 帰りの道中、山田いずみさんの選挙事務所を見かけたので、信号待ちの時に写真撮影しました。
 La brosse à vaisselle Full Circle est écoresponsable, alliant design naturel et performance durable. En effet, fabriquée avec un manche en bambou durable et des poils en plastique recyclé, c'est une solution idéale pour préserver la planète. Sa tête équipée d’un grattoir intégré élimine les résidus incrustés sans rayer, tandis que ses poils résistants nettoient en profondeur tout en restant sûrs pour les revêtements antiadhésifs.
# # # # #
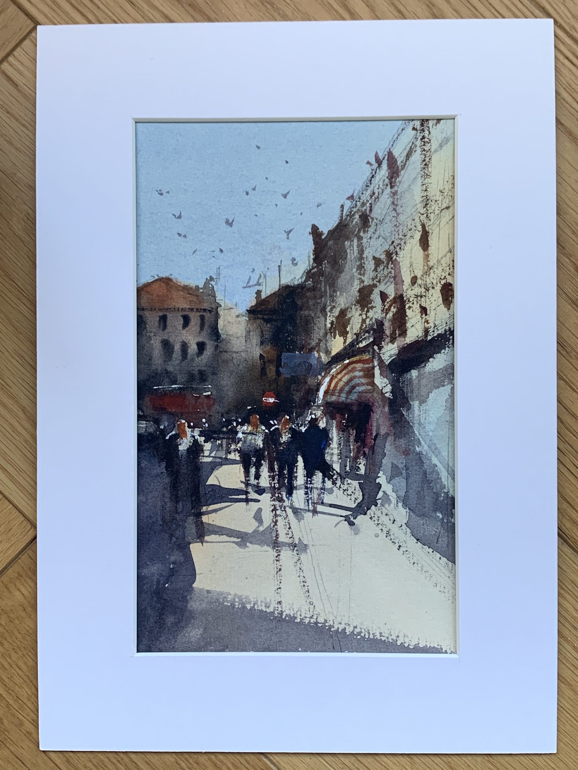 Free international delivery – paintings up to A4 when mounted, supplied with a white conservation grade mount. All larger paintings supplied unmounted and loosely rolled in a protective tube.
# # # # #
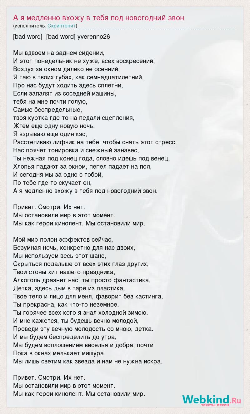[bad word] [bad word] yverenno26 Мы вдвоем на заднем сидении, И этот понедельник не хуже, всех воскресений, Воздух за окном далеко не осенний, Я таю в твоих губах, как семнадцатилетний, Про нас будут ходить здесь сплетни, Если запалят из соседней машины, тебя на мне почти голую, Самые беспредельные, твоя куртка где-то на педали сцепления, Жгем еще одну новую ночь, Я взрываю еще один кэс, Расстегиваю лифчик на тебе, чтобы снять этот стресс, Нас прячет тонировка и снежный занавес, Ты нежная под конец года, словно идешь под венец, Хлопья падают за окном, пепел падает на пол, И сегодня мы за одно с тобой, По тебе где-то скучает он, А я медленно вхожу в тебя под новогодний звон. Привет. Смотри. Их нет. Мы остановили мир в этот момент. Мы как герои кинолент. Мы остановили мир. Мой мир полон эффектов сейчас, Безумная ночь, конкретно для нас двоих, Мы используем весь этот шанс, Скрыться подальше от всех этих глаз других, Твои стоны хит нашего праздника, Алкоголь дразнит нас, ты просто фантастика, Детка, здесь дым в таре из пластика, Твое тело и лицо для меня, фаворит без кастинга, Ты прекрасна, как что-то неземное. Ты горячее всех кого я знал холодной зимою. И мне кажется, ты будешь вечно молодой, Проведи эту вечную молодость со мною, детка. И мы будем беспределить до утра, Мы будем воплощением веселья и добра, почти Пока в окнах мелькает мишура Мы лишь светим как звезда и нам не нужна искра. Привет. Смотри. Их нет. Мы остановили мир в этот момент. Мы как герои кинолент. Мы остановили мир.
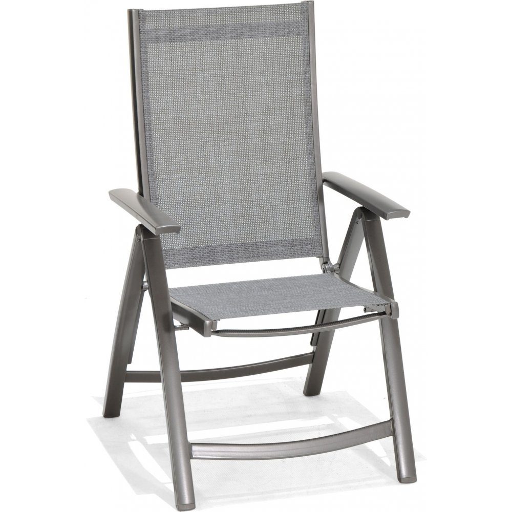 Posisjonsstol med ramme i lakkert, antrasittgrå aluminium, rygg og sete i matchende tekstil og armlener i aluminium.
# # # # #
▶ WHAT YOU NEED TO DO
Copy back the listing above exactly, but only from the line with "帰りの道中、山田いずみさんの" through the line with "La brosse à", both ends included.

▶ EXERCISE RESPONSE
 帰りの道中、山田いずみさんの選挙事務所を見かけたので、信号待ちの時に写真撮影しました。
 La brosse à vaisselle Full Circle est écoresponsable, alliant design naturel et performance durable. En effet, fabriquée avec un manche en bambou durable et des poils en plastique recyclé, c'est une solution idéale pour préserver la planète. Sa tête équipée d’un grattoir intégré élimine les résidus incrustés sans rayer, tandis que ses poils résistants nettoient en profondeur tout en restant sûrs pour les revêtements antiadhésifs.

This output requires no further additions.